1 Gennaio 2019

Il 2018 di Icardi, dal ritorno in albiceleste al debutto in Champions: la crescita da leader del capitano

Il 2018 è stato un anno ricco di momenti chiave per la sua carriera, ma il percorso di crescita del capitano dell'Inter non è ancora finito

Per Mauro Icardi si è concluso un anno sportivamente intenso e ricco di momenti chiave per la sua carriera.

A partire, prima di tutto, dal disgelo nei rapporti con la federazione argentina sopraggiunto con la convocazione del c.t. Jorge Sampaoli che ha messo fine ai tempi in cui questa sembrava un miraggio irraggiungibile (a causa di motivi che, a dirla tutta, avevano ben poco a che fare con il campo). Lo stesso Sampaoli che poi con l’esclusione dalla lista dei 23 giocatori scelti per la spedizione russa gli ha negato la possibilità di debuttare al Mondiale indossando la tanto agognata camiseta albiceleste, rimandando così il suo probabile debutto nella rassegna iridata a quando avrà già compiuto 29 anni.

Poi il raggiungimento con la sua Inter al termine della scorsa stagione della qualificazione in Champions League, agguantata a suon di gol decisivi che hanno messo fine a quella che per i nerazzurri cominciava quasi a sembrare una maledizione. O il nuovo corso della nazionale argentina guidato dal tecnico ad interim Lione Scaloni, per il quale Icardi rappresenta una delle pedine chiave per la buona riuscita del ricambio generazionale che la federazione è costretta ad affrontare.

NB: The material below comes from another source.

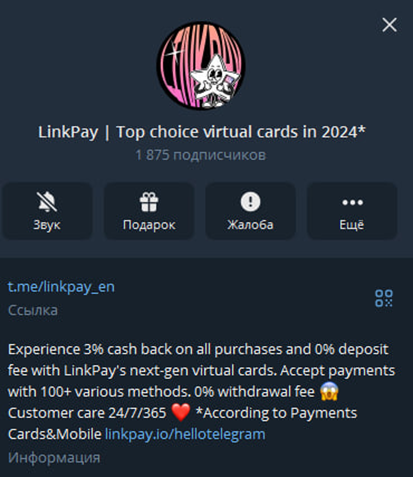 Компания имеет два телеграм-канала. Первый: LinkPay En. Он предназначен для английской аудитории. Канал создан почти 2 год назад и за это время на него подписалось 1 875 человек. Вовлеченность читателей составляет всего лишь 8%. Это значит, что большая часть подписчиков – это боты. Эту теорию также доказывает статистика отписок и подписок. За последний месяц от канала отписалось большое количество людей. Зачастую это удаленные аккаунты.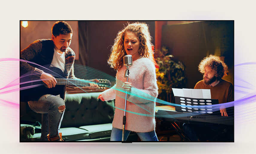 Âm thanh lan tỏa mạnh mẽ khắp không gian phòng nhờ công nghệ AI Sound Pro.

E ancora il debutto nella sopracitata coppa dei campioni, arrivato a ben 25 anni. Una situazione che ha quasi dell’assurdo se messa in confronto con i numeri che è stato capace di totalizzare negli ultimi anni, ma che ha onorato come meglio non poteva giocando da leader vero e andando a segno quattro volte nella sfortunata fase a gironi affrontata dai nerazzurri. Che ha se non altro evidenziato, qualora ce ne fosse stato bisogno, che Icardi sa essere decisivo anche contro le squadre migliori del mondo.

E’ proprio da quest’ultimo aspetto che sarà importante ripartire nel nuovo anno: a dispetto di quanto lui stesso ha precedentemente detto in un’intervista rilasciata al Corriere dello Sport (“in questo sport conta fare gol. Si parla troppo spesso della mia partecipazione al gioco, che sarebbe scarsa, ma non mi importa di quello che si dice. Conosco un solo modo di aiutare i compagni e l’allenatore ed è quello di buttarla dentro”), alla sua prima esperienza nella massima competizione europea, contro squadre come Barcellona e Tottenham, Icardi ha dimostrato di poter essere molto di più di un semplice finalizzatore.

Ha dimostrato di poter aiutare la squadra a risalire velocemente il campo facendo a sportellate con i difensori avversari anche vicino alla metà campo, e di sapere giocare palla a terra  negli ultimi 20 metri in fase di rifinitura. I margini di miglioramento ci sono ancora, certo, ed è chiaro che quelle non saranno mai le sue abilità migliori. Però è quell’Icardi lì che può davvero trascinare l’Inter per fare l’ulteriore salto di qualità a cui, insieme alla squadra stessa, ha ancora bisogno di arrivare per battere i migliori.

Per un 2019 ancora più ricco di successi, Icardi dovrà saper insistere sull’integrazione all’interno del proprio gioco di quelle qualità che, insieme a un piglio da trascinatore più forte che mai, lo hanno fatto risplendere in Champions e nelle altre migliori partite di questa stagione, come il netto 3 a 0 su una Lazio battuta invece a fatica e grazie a episodi lo scorso maggio. La sua crescita va di pari passo con quella dell’Inter, e l’ideale per coronarla sarebbe sollevare da capitano un trofeo che da troppo tempo manca nella bacheca nerazzurra. Cominciando, perchè no, da quell’Europa League in cui i nerazzurri hanno promesso di arrivare fino in fondo dopo l’eliminazione in Champions.